Risks and uncertainties

  • Leverage risk - The company's total debt of $21.07 million exceeds its market capitalization of $17.4 million, posing risks to financial flexibility and potentially impacting cost of capital - relevant to investors in healthcare and small-cap equities.
  • Nasdaq compliance - The firm received a notice for failing to maintain a $1.00 minimum bid price for 30 consecutive business days and has 180 days from December 11, 2025, to regain compliance or implement a reverse split - a market-listing risk for shareholders and market participants.
  • Execution and partnership delivery - The effectiveness of the Prime Ledger partnership to manage a $300 million treasury facility and to implement Digital Asset Treasury practices will influence treasury risk management and yields; outcomes depend on successful implementation.
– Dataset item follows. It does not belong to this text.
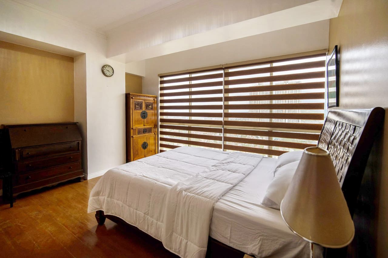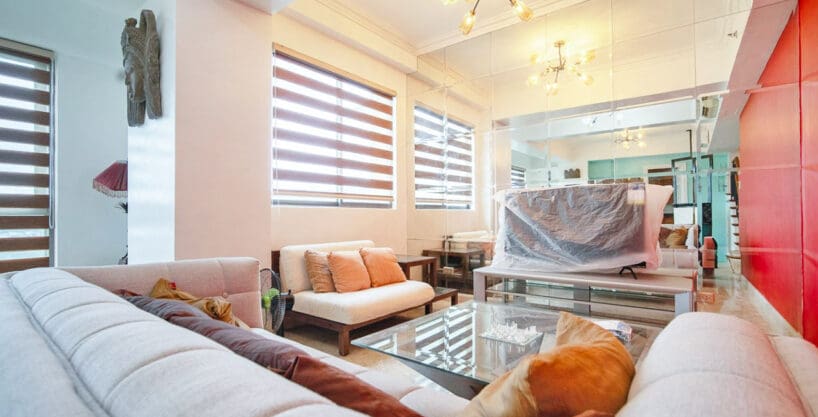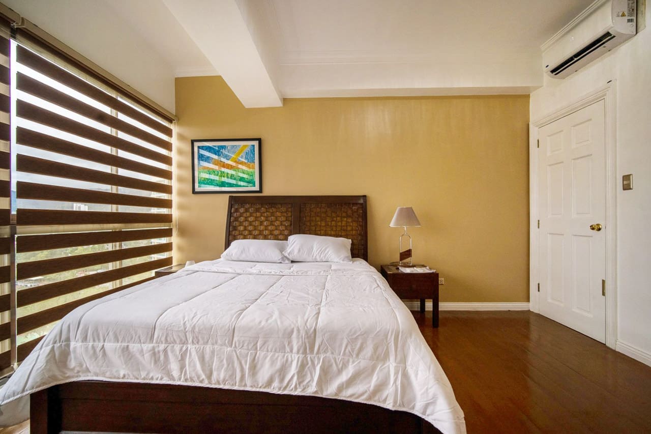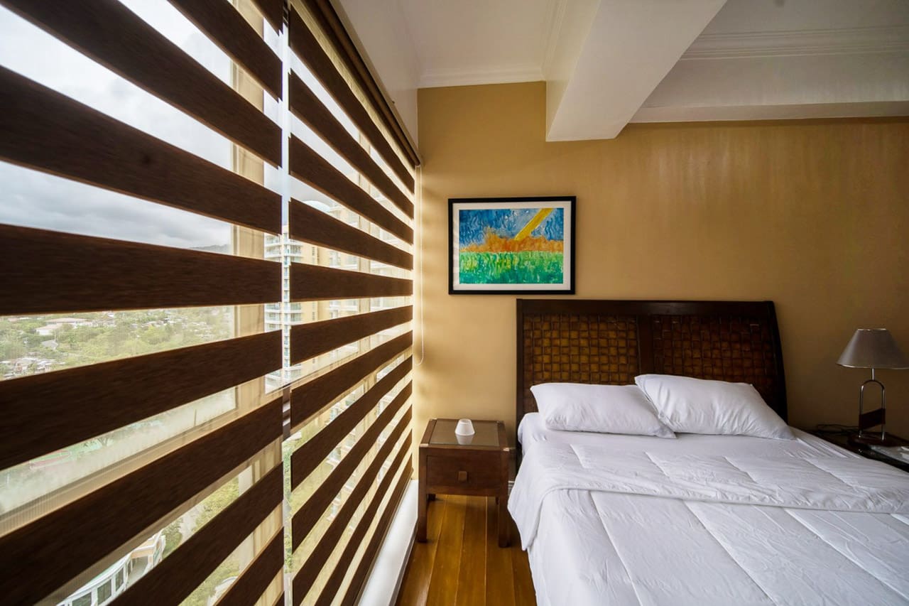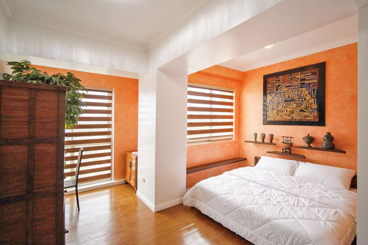 The bedrooms are designed for tranquility, featuring warm earth tones, full-length windows with zebra blinds, and striking decor pieces like tribal sculptures and curated pottery. One of the highlights of this penthouse is the carefully selected artistic accents that adorn the walls and shelves—bringing character and personality to each corner.

Investors and market observers will likely weigh the insider conversion against the company's leverage profile, compliance timeline and the operational developments described above.

Risks

  • High leverage - total debt of $21.07 million exceeds market capitalization of $17.4 million, creating pressure on financial flexibility and cost of capital (impacts healthcare equities and debt markets).
  • Nasdaq listing risk - the company has 180 days from December 11, 2025, to regain a minimum bid price of $1.00 or pursue a reverse stock split, which could affect shareholder value and trading dynamics.
  • Execution risk - the success of Prime Ledger partnership and production/distribution agreements will determine benefits from the $300 million treasury framework and new product manufacturing arrangements.